What Happens After Hospital Discharge
Your wound will take about four to six weeks to heal. The feeling of weakness and discomfort will also pass during this time. Make sure you take time to rest during this time. Put the things you and your baby need within easy reach. Do not lift anything heavier than your baby until your check-up at the end of six weeks. Make sure your position is correct when standing and walking. Support your sore spot with your hand during movements that strain your abdomen, such as coughing or laughing. Use an extra support such as a pillow or towel while breastfeeding. Too many visitors will make you very tired, especially in the first week. So you will need to set a limit. Increase the amount of fluid you drink. This is important both to replace lost fluids and to increase your milk supply. Remember not to let your urine sit for too long to avoid a urinary tract infection. Most doctors recommend waiting six weeks to start sexual intercourse. But in the meantime, do not neglect each other and try to spend quality time together. Avoid driving, as you may need to move suddenly. Let someone else drive the car. If you are going somewhere with your baby, you need to be confident.

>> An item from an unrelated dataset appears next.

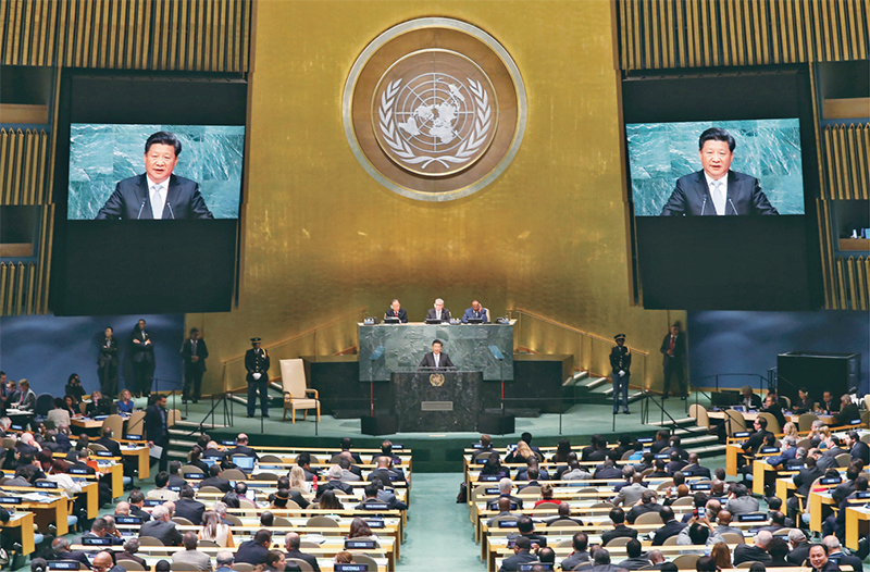 2015年9月28日,习近平总书记出席第70届联合国大会一般性辩论并发表重要讲话,郑重提出“和平、发展、公平、正义、民主、自由,是全人类的共同价值”。 新华社记者 庞兴雷/摄

Take your medicines as needed. If you have pain, you can take paracetamol group painkillers. If you have other problems, do not take medication without consulting your doctor. Tell your doctor immediately if you have any signs of infection, such as fever, swelling, redness or discharge at the incision site in your abdomen or similar symptoms in your breast. You may also need help with puerperal melancholia if you are constantly feeling down mentally.
Is it possible to have a normal birth again?
Years ago, normal birth was no longer recommended for women who had a caesarean section. Now, however, most women who have had a caesarean section can also be offered a normal delivery. It is unlikely that a tear will form through the incision made for a caesarean section.